A family trust can be a very powerful estate planning tool. You can use a family trust to achieve a number of goals, including protecting assets and wealth, increasing privacy, avoiding probate fees, and reducing tax liability.

Many people have a good understanding of Wills, but only a general familiarity with the concept of a trust. Trusts offer many benefits—but they must be well understood to be used effectively. In today’s blog post, we will discuss the concept of a family trust so you can start to think about whether a family trust is right for you and your family members.
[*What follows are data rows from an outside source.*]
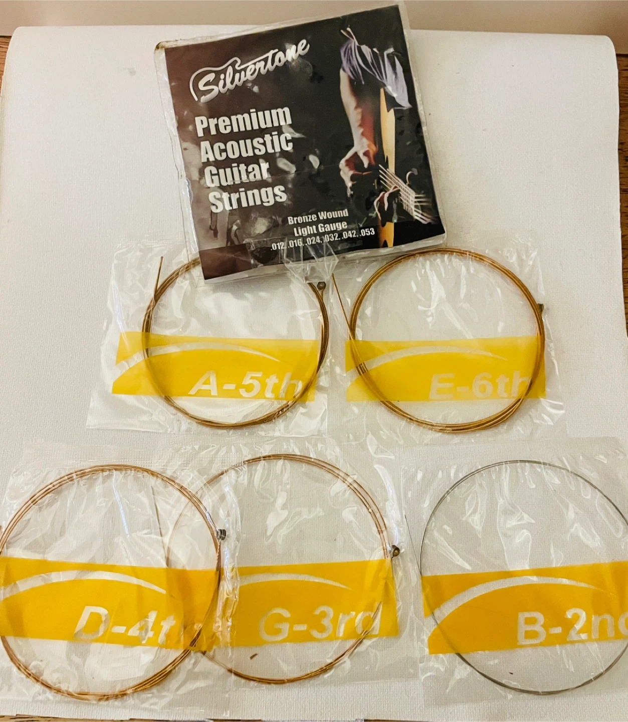 230L Silvertone premium acoustic guitar strings missing one string ( E-1st string)These are bronze wound strings with a light gauge of .012, .016, .024, .032, .042, and .053. Perfect for your acoustic guitar. These are the first of the improved second generation so they're rich and full of tone and super lively on action.
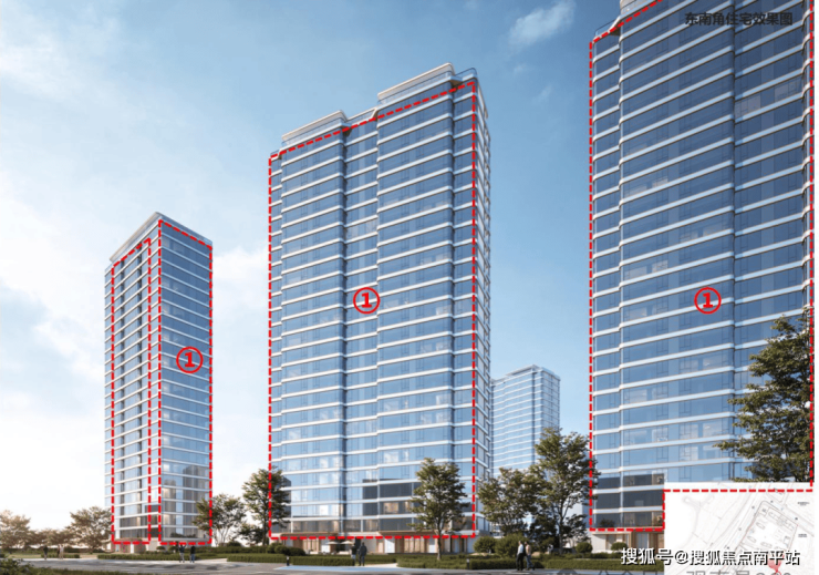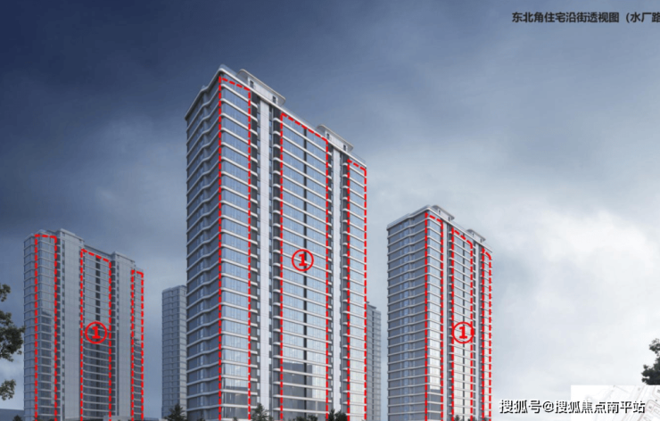 住宅楼南立面、东立面窗户分隔调整。主要中间均采用大玻璃封窗,形成更加大气的公建化立面(上图)。
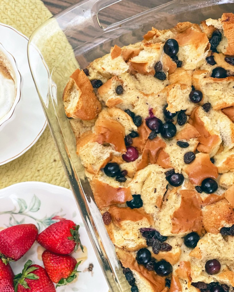 With Memorial Day last weekend we are officially kicking off into summer and all things grilling season. If you, like us, find yourself with all sorts of leftovers after a BBQ here is a recipe to use up one ingredient you may have leftover: Hot dog rolls! This really simple bread pudding is great as dessert or breakfast. With maple notes it smells great from bake to plate! You can customize it with whatever fruit you may have at home, and its a great way to put those buns to use!!
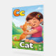Cute and colorful alphabet poster featuring the letter C with a friendly cartoon cat and a cheerful girl illustration.
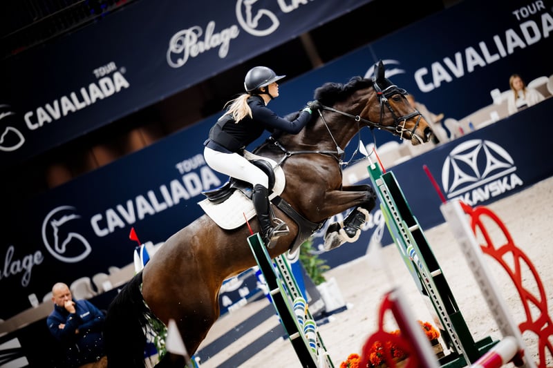 Te koop: een prachtige Wielkopolska merrie, geboren in 2016. Bruin van kleur, met een hoogte van 167 cm. Uitstekend geschikt voor springen, goed uitgebalanceerd in dressuur. Ze beheerst zijgangen, aanleuning, verzameling, verlenging, vliegende wissels en andere piaffe- en passage-achtige bewegingen. Ideaal voor ruiters die een paard zoeken om te introduceren in de dressuur tot 120 cm, met potentieel voor veel meer. Momenteel gereden door een jonge amateurruiter, die haar heeft voorbereid van de overstap van een pony naar wedstrijden in de klasse N. Ze is bekend met springparcoursen op CSI-niveau. Tijdens haar laatste CSI-Am-wedstrijd behaalde ze de eerste plaats. Als jonge merrie won ze medailles in vrijspringen en behaalde ze overwinningen in vaardigheidstests voor merries. Neem contact met ons op voor een bezichtiging en een proefrit!
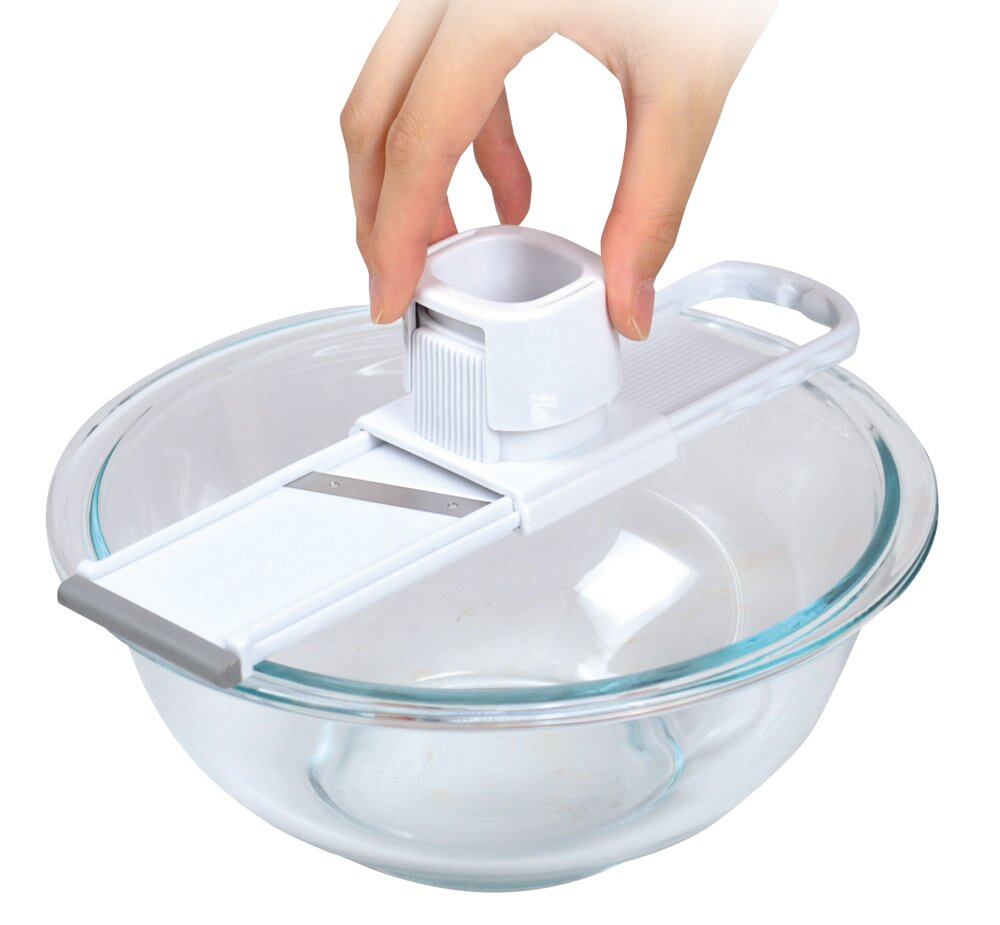 ホルダーの中にスライスするものを入れてホルダーを動かすので、指が刃に直接触れる心配がなく、安全に均一にスライスできます

If you want to know more or wish to discuss your unique family circumstances, we welcome you to reach out to Onyx Law Group. Our estate planning lawyers can help you determine whether a family trust would be advantageous and recommended as part of your succession plan.

What is a family trust?

What is a family trust?

A family trust is a legal relationship in which one person (the “settlor”) transfers property to another person (a “trustee”) to hold for the benefit of another person or people (the “beneficiaries”). The property can be money, real estate, business interests, or investments. Once the property is transferred into a family trust, it is no longer the property of the person who transferred it. The property belongs to the trust, and the trustee must manage the trust property in accordance with the terms of the trust document.

There can be one or more trustees. With family trusts, the trustees are often the parents, grandparents, or other senior family members. A trusted financial advisor or professional trustee can also be named as a trustee. The beneficiaries are other family members such as children, grandchildren, parents, or a spouse, for example. It’s also possible to include a corporation as a beneficiary, provided the company is owned entirely by one or more of the beneficiaries of the trust.

How to set up a family trust in Canada?

A family trust is set up by preparing a written trust agreement or trust deed. An estate planning lawyer and a tax lawyer, accountant, or other financial advisor should be involved in preparing the trust document, as there are several important decisions to be made at this stage.

The trust document must clearly set out the names of the settlor and trustee(s) and the trust’s beneficiaries. It must also set out the scope of the trustee(s)’s powers and contain detailed instructions outlining how the family trust assets are to be transferred into the trust and managed by the trustee(s).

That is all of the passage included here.